▶ _Brief_
Return the data below exactly, minus the pictures.

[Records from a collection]

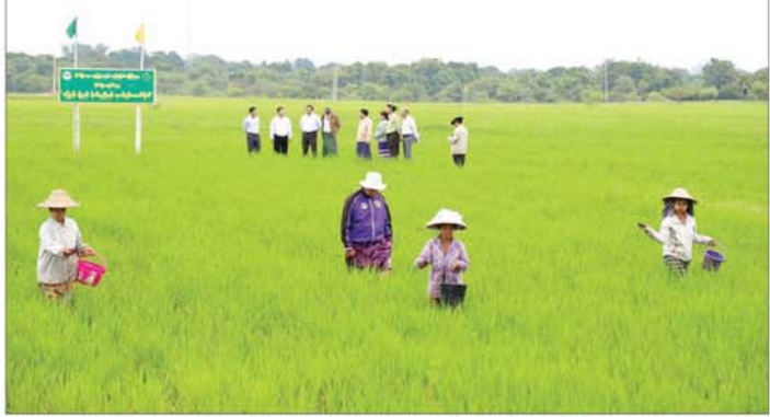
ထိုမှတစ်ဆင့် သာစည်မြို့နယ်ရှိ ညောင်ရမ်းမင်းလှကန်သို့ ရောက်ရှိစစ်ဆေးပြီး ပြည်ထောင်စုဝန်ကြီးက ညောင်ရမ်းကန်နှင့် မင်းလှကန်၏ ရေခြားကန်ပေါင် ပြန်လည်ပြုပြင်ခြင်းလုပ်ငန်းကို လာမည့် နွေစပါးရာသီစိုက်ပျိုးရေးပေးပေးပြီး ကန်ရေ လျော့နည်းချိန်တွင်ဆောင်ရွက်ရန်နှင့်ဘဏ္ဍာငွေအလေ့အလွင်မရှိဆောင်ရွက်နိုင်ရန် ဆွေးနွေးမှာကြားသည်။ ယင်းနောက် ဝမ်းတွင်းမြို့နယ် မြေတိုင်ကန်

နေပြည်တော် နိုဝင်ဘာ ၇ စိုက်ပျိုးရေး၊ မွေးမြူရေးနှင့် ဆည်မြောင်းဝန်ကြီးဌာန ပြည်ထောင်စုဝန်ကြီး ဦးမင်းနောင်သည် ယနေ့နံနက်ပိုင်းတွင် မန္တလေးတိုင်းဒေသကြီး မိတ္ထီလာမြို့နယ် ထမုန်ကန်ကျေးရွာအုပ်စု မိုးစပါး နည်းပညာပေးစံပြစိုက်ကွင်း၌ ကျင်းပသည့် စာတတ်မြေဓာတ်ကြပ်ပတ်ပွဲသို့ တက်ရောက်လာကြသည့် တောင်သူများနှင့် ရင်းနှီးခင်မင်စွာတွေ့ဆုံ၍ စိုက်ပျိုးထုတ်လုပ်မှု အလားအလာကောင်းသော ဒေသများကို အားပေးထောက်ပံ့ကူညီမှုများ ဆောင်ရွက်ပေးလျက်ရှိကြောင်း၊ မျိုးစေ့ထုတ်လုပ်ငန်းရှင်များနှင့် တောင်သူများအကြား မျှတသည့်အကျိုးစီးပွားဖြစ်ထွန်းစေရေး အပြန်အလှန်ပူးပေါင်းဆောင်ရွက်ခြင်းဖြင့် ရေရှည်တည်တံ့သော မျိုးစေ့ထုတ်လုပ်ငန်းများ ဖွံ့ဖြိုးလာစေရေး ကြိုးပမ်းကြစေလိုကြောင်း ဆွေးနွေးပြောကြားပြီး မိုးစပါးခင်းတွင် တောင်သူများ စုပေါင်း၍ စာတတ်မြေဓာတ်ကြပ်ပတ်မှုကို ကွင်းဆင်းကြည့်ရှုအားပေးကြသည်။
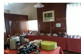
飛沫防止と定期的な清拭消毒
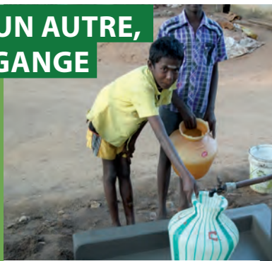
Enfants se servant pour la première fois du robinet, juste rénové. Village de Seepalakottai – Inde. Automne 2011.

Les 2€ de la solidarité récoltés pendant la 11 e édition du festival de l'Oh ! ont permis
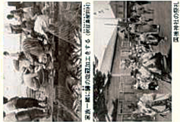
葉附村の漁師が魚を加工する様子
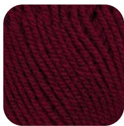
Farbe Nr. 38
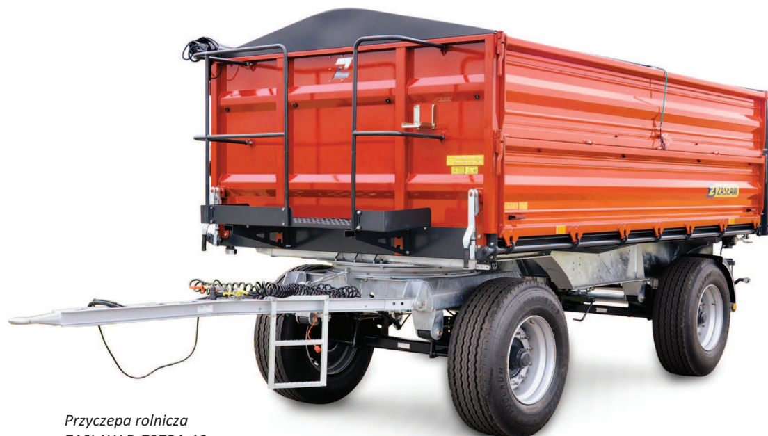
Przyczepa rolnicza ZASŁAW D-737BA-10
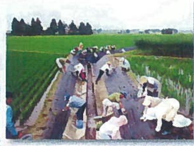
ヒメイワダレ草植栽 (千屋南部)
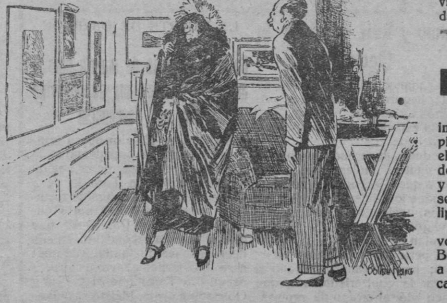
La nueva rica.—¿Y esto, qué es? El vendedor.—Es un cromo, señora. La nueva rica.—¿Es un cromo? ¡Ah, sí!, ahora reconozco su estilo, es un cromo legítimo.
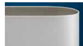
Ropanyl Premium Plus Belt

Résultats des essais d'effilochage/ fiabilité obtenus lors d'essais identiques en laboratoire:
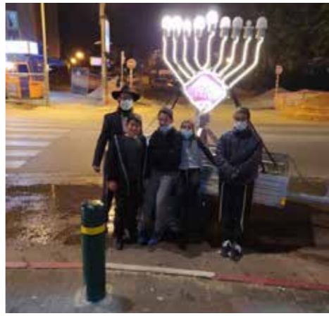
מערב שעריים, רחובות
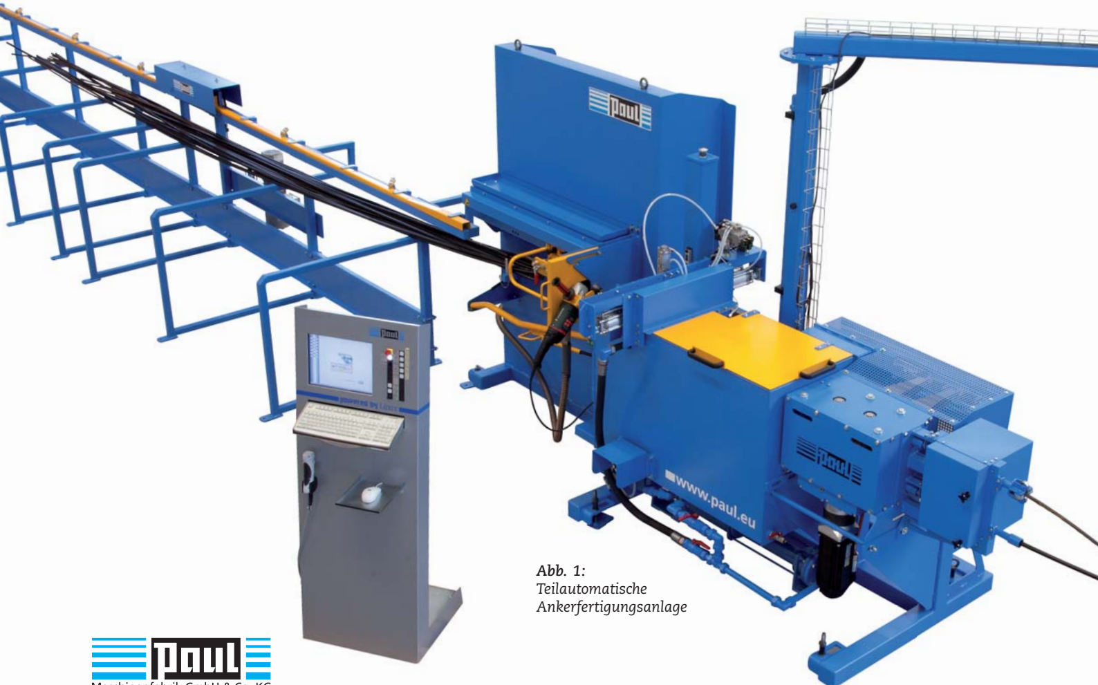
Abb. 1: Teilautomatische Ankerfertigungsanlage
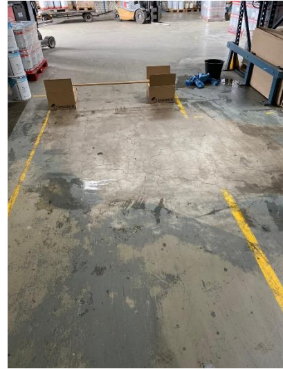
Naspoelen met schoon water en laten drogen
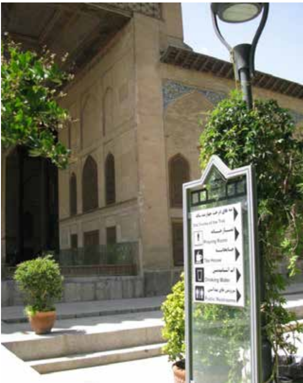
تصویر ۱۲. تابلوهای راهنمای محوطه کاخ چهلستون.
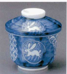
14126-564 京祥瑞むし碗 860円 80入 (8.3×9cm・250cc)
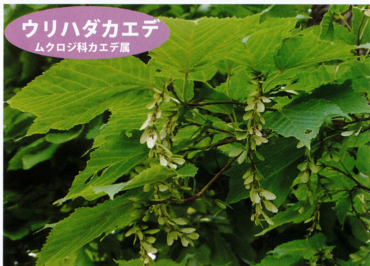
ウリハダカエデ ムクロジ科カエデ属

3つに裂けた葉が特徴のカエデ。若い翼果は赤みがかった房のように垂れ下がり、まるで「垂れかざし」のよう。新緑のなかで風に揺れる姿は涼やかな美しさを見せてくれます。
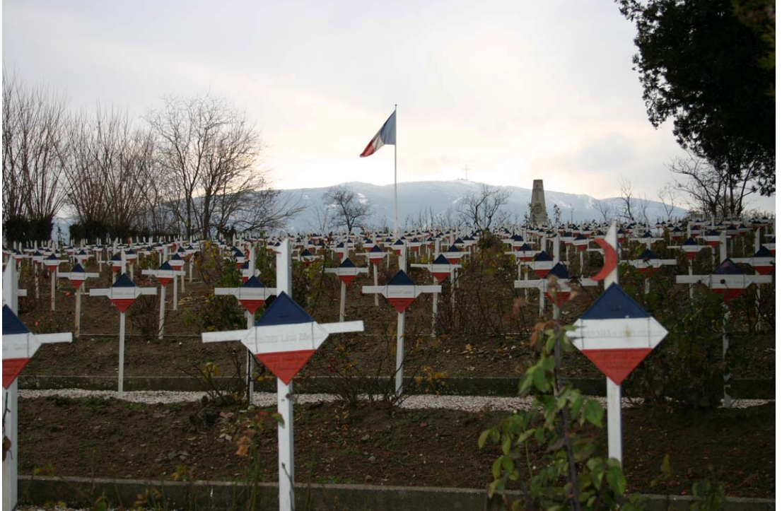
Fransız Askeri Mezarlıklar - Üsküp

▶ _Response area_
ထိုမှတစ်ဆင့် သာစည်မြို့နယ်ရှိ ညောင်ရမ်းမင်းလှကန်သို့ ရောက်ရှိစစ်ဆေးပြီး ပြည်ထောင်စုဝန်ကြီးက ညောင်ရမ်းကန်နှင့် မင်းလှကန်၏ ရေခြားကန်ပေါင် ပြန်လည်ပြုပြင်ခြင်းလုပ်ငန်းကို လာမည့် နွေစပါးရာသီစိုက်ပျိုးရေးပေးပေးပြီး ကန်ရေ လျော့နည်းချိန်တွင်ဆောင်ရွက်ရန်နှင့်ဘဏ္ဍာငွေအလေ့အလွင်မရှိဆောင်ရွက်နိုင်ရန် ဆွေးနွေးမှာကြားသည်။ ယင်းနောက် ဝမ်းတွင်းမြို့နယ် မြေတိုင်ကန်

နေပြည်တော် နိုဝင်ဘာ ၇ စိုက်ပျိုးရေး၊ မွေးမြူရေးနှင့် ဆည်မြောင်းဝန်ကြီးဌာန ပြည်ထောင်စုဝန်ကြီး ဦးမင်းနောင်သည် ယနေ့နံနက်ပိုင်းတွင် မန္တလေးတိုင်းဒေသကြီး မိတ္ထီလာမြို့နယ် ထမုန်ကန်ကျေးရွာအုပ်စု မိုးစပါး နည်းပညာပေးစံပြစိုက်ကွင်း၌ ကျင်းပသည့် စာတတ်မြေဓာတ်ကြပ်ပတ်ပွဲသို့ တက်ရောက်လာကြသည့် တောင်သူများနှင့် ရင်းနှီးခင်မင်စွာတွေ့ဆုံ၍ စိုက်ပျိုးထုတ်လုပ်မှု အလားအလာကောင်းသော ဒေသများကို အားပေးထောက်ပံ့ကူညီမှုများ ဆောင်ရွက်ပေးလျက်ရှိကြောင်း၊ မျိုးစေ့ထုတ်လုပ်ငန်းရှင်များနှင့် တောင်သူများအကြား မျှတသည့်အကျိုးစီးပွားဖြစ်ထွန်းစေရေး အပြန်အလှန်ပူးပေါင်းဆောင်ရွက်ခြင်းဖြင့် ရေရှည်တည်တံ့သော မျိုးစေ့ထုတ်လုပ်ငန်းများ ဖွံ့ဖြိုးလာစေရေး ကြိုးပမ်းကြစေလိုကြောင်း ဆွေးနွေးပြောကြားပြီး မိုးစပါးခင်းတွင် တောင်သူများ စုပေါင်း၍ စာတတ်မြေဓာတ်ကြပ်ပတ်မှုကို ကွင်းဆင်းကြည့်ရှုအားပေးကြသည်။
飛沫防止と定期的な清拭消毒
Enfants se servant pour la première fois du robinet, juste rénové. Village de Seepalakottai – Inde. Automne 2011.

Les 2€ de la solidarité récoltés pendant la 11 e édition du festival de l'Oh ! ont permis
葉附村の漁師が魚を加工する様子
Farbe Nr. 38
Przyczepa rolnicza ZASŁAW D-737BA-10
ヒメイワダレ草植栽 (千屋南部)
La nueva rica.—¿Y esto, qué es? El vendedor.—Es un cromo, señora. La nueva rica.—¿Es un cromo? ¡Ah, sí!, ahora reconozco su estilo, es un cromo legítimo.
Ropanyl Premium Plus Belt

Résultats des essais d'effilochage/ fiabilité obtenus lors d'essais identiques en laboratoire:
מערב שעריים, רחובות
Abb. 1: Teilautomatische Ankerfertigungsanlage
Naspoelen met schoon water en laten drogen
تصویر ۱۲. تابلوهای راهنمای محوطه کاخ چهلستون.
14126-564 京祥瑞むし碗 860円 80入 (8.3×9cm・250cc)
ウリハダカエデ ムクロジ科カエデ属

3つに裂けた葉が特徴のカエデ。若い翼果は赤みがかった房のように垂れ下がり、まるで「垂れかざし」のよう。新緑のなかで風に揺れる姿は涼やかな美しさを見せてくれます。
Fransız Askeri Mezarlıklar - Üsküp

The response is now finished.